Parents can get a citation if children break Birmingham’s curfew ordinance
BIRMINGHAM, Ala. (WBRC) - We’re digging deeper into the city of Birmingham’s curfew ordinance after three kids were shot this week, with two high school students losing their lives.
Two of the shootings happened late night, calling for Birmingham Police to remind parents of the city’s curfew. Kids under 17 are not allowed out after 9 p.m. Sunday through Thursday, and 11 p.m. on the weekends.
Birmingham police officers use their discretion with the city’s curfew ordinance, because there are exceptions written in that allow some kids to be out late night. But, if the case calls for a citation, the violation doesn’t go to the child, it goes to the parent.
“It’s hard,” Birmingham Police Chief Scott Thurmond said. “It’s tough. You have to tell them they have to be home by a certain time.”
Birmingham Police urging parents and teenagers to follow the city’s curfew ordinance. That means kids are inside by 9 p.m. on school nights and 11 p.m. on weekends. Birmingham City Schools are on spring break right now and Thurmond said they anticipated more kids out at night.
“The weather gets warm, people go out more,” Thurmond said. “It’s difficult for us to combat. If you look at this week, we put out about the curfew intentionally, last week leading into spring break. We proposedly plan those walks for the week of spring break. We purposely plan them for the afternoon when more people are out.”
Birmingham Police Chief Scott Thurmond said he’s not sure if officers have issued any curfew violations this spring break. There are exceptions written into the ordinance for different situations, like working teens, coming from school or church, and being right outside your house.
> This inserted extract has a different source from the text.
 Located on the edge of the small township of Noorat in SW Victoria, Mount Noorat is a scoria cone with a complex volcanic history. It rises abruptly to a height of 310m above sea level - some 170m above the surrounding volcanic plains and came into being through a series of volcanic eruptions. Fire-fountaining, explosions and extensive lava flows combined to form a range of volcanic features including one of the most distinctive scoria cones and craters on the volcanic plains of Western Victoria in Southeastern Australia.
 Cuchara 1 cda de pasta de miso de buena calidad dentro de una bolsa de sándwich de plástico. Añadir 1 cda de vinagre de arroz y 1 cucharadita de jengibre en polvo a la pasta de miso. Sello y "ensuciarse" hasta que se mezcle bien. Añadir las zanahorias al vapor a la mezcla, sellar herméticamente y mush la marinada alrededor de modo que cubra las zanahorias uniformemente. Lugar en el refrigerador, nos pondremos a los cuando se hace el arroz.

The first step of the rules calls for police to release kids to their parents and issue a citation if necessary.
“If we see someone out who we believe is under age, we will stop and identify them, see what they are doing, what their age is, and then we will have to move forward from there,” Thurmond said.
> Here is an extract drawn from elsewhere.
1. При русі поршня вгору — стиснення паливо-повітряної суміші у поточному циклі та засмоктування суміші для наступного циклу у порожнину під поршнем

This week, multiple teenagers have been involved in shootouts and caught by police, but Thurmond said it’s hard to issue citations in each case.
“They’re juveniles,” he said. “We can’t find their parents to get them to come up here for questioning. One of the female even told us ‘I don’t have time to deal with this. I need to go home, I need to be home by 7 a.m.’ Well, 7 a.m. is not an acceptable curfew. It’s difficult for us to make cases to the District Attorney’s Office when you have no cooperation.”
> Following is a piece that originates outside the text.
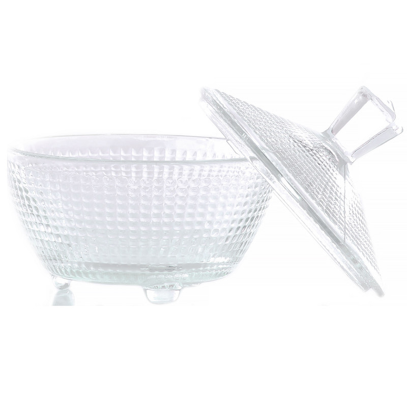 این قندان از جنس بلور شفاف و درجه یک تولید شده است و در بدنه آن هیچ زائده و برجستگی اضافی وجود ندارد. اندازه قندان کاوه متوسط بوده و همچنین دارای یک درب زیبا و شفاف می باشد که از جنس بدنه است. شکل ظاهری این قندان شیشه ای مانند کاسه ای گود و لبه دار می باشد که درون آن سطح صافی دارد ، در صورتی که سطح خارجی برجسته بوده و طرح های ریز نقش روی آن کار شده است که سادگی و زیبایی خاصی به کار می دهد. درب این قندان شیشه ای دارای یک دسته برجسته از جنس بدنه و به صورت شفاف است که با استفاده از آن می توان به راحتی درب را بلند کرد و از محتوای درون قندان که می تواند قند ، انواع شکلات و… باشد استفاده نمود. قندان بلوری کاوه مدل ونیز یک قندان زیبا و شفاف است که به بانوان و همچنین نوعروسان برای تکمیل لوازم آشپزخانه کمک می کند تا به راحتی سرویس چای خوری خود را تهیه نموده و همینطور با دیگر لوازم بلوری مانند استکان و… ست کرده و نمای زیبایی به آن ها دهید. این قندان زیبا و بلوری دارای سه عدد پایه کوتاه در بخش زیرین می باشد که هنگام قرار دادن آن روی سطوح از لغزش قندان جلوگیری می کند. لبه های صاف دهانه این محصول نیز باعث می شود تا هنگام قرار دادن درب به راحتی روی بدنه قرار گیرد ، بدون آن که از هم فاصله ای داشته باشند. وجود درب روی این قندان زیبا باعث می شود تا محتویات داخل آن از هر گونه گرد و غبار و یا حشرات دور بماند.

The ordinance said parents can get a citation and have to appear in court. The fine can cost up to $500, and after two fines, parents can get jail time.
“If you’re not home by a certain time, there are consequences,” Thurmond said. “You have to evoke those consequences and make sure they are adhered to.”
In one of the deadly shootings this week, multiple teenagers were found drinking and out around 2:30 in the morning. Chief Thurmond said they are still investigating that case to see if any parents will be cited.